A Food and Drug Administration inspection in May 2017 found that the company, Zhejiang Huahai Pharmaceutical Co. Ltd., ignored quality testing that showed unnamed drugs didn’t meet U.S. standards, according to an agency report posted online on Thursday. The company didn’t look into the failures, and passing results were recorded instead, according to the report.
The blood-pressure medicine, called valsartan, was recalled last month. Zhejiang Huahai didn’t respond to requests for comment.
“As soon as the FDA was alerted to problems, we initiated an investigation and coordinated with the manufacturers to take swift action to recall all of the affected products,” FDA Commissioner Scott Gottlieb said in an email statement.
Sarah Peddicord, a spokeswoman for the FDA, declined to say when the agency was alerted to the problems.
The FDA on Thursday also added valsartan made by India-based Hetero Labs Ltd. to the recall. The chemical in the Hetero valsartan exceeds acceptable levels, though is generally lower than levels found in the active ingredient made by Zhejiang Huahai. The Hetero products are labeled under Camber Pharmaceuticals Inc. An FDA inspection uncovered problems at Hetero in 2016.
Hetero’s manufacturing process is similar to Zhejiang Huahai’s, and the FDA has contacted other valsartan makers to determine if their manufacturing processes are at risk.
The FDA has found issues related to drug manufacturing in China and India that have raised concerns about the safety of those pharmaceuticals. More than 80 percent of the ingredients used to make U.S.-consumed drugs are produced outside of the country, according to the agency. China, along with India, accounts for most of the raw ingredients in drugs consumed in the U.S.
The FDA redacted from the Zhejiang Huahai report the names of the drugs that failed quality testing, but the report indicates that the tests were on active pharmaceutical ingredients. Zhejiang Huahai made active ingredients for the drug valsartan, which treats heart failure and high blood pressure and is sold by Teva Pharmaceutical Industries Ltd. and Prinston Pharmaceutical Inc. Those companies recalled the products last month.

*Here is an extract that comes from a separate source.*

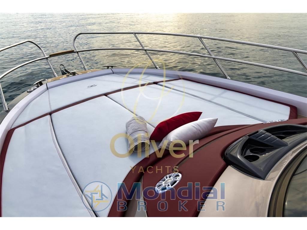 AIS (Raymarine), Allarme fumo/gas, Allarme motore, Allarme sentina, Alternatore, Ancora, Angolo barra, Antenna radar (Raymarine Q24D), Aspirazione dal Ponte delle Acque Sporche, Auto Dynamic Trim Interceptor, Autoclave, Auto-Trim, Batterie, Bussola, Camminamenti laterali in teak, Caricabatterie, Colorazione speciale, Comando motori elettronico (Raymarine), Computer di bordo, Contamiglia, Corrimano, Cronometro, Display (Raymarine), Doccia esterna, Ecoscandaglio (Raymarine), Elica di prua - bow thruster, Fissaggio dell’ancora, Flap elettrici, GPS (Raymarine), Impianto antincendio, Lavaggio catena, Lavandino nel Pozzetto, Log (Raymarine), Luci di cortesia, Luci di navigazione, Luci subacquee, Monitor batteria, Monitor dei consumi, Parabordi, Passerella, Piattaforma, Pilota automatico (Raymarine), Plotter (Raymarine), Plotter con antenna GPS (Raymarine), Pompa di sentina automatica, Pompa di sentina elettrica, Pompa di sentina manuale, Ponte in teak, Porta ingresso, Pozzetto Teak, Presa 220V banchina, Presa acqua banchina, Quadro comandi, Radar, Radio VHF (Raymarine), Salpa Ancore Elettrico, Scaletta da bagno, Sedile Copilota, Tavolo pozzetto, Tromba

The valsartan that was recalled contained a chemical called NDMA, which the U.S. Environmental Protection Agency considers a probable human carcinogen. Based on manufacturing records, NDMA may have been in the impure valsartan for as long as four years. The FDA is testing samples of valsartan to determine the extent of the contamination.
During impurity testing, Zhejiang Huahai ignored indications of potential problems but they weren’t investigated, the FDA inspector found last year, the report said.
FDA inspectors comb through computer files at drug manufacturing companies to examine the integrity of their testing processes. They also inspect equipment used to make the drugs. The report posted on Thursday found Zhejiang Huahai machines in disrepair.
The inspection covered Zhejiang Huahai’s Chuannan factory in Linhai. Danish authorities have confirmed valsartan’s active ingredient was made in the Linhai factory in the town of Duqiao where the 2017 FDA inspection covers.
The company also has a factory in Xunqiao that the FDA inspected in November 2016. The FDA found workers didn’t follow all procedures meant to prevent contamination and hadn’t established proper controls to ensure drugs met U.S. standards for strength, quality and purity.
It’s unclear if the valsartan active ingredient was also made at the Xunqiao plant. Pharmaceutical companies aren’t required under U.S. law to reveal which drugs they make at which factories. They also can protect as a trade secret where they obtain active an ingredient so Americans don’t typically know where their drug’s contents are made unless a major recall necessitates the companies reveal the information.
After each inspection, the FDA told Zhejiang Huahai it needed to voluntarily make corrections to its manufacturing practices.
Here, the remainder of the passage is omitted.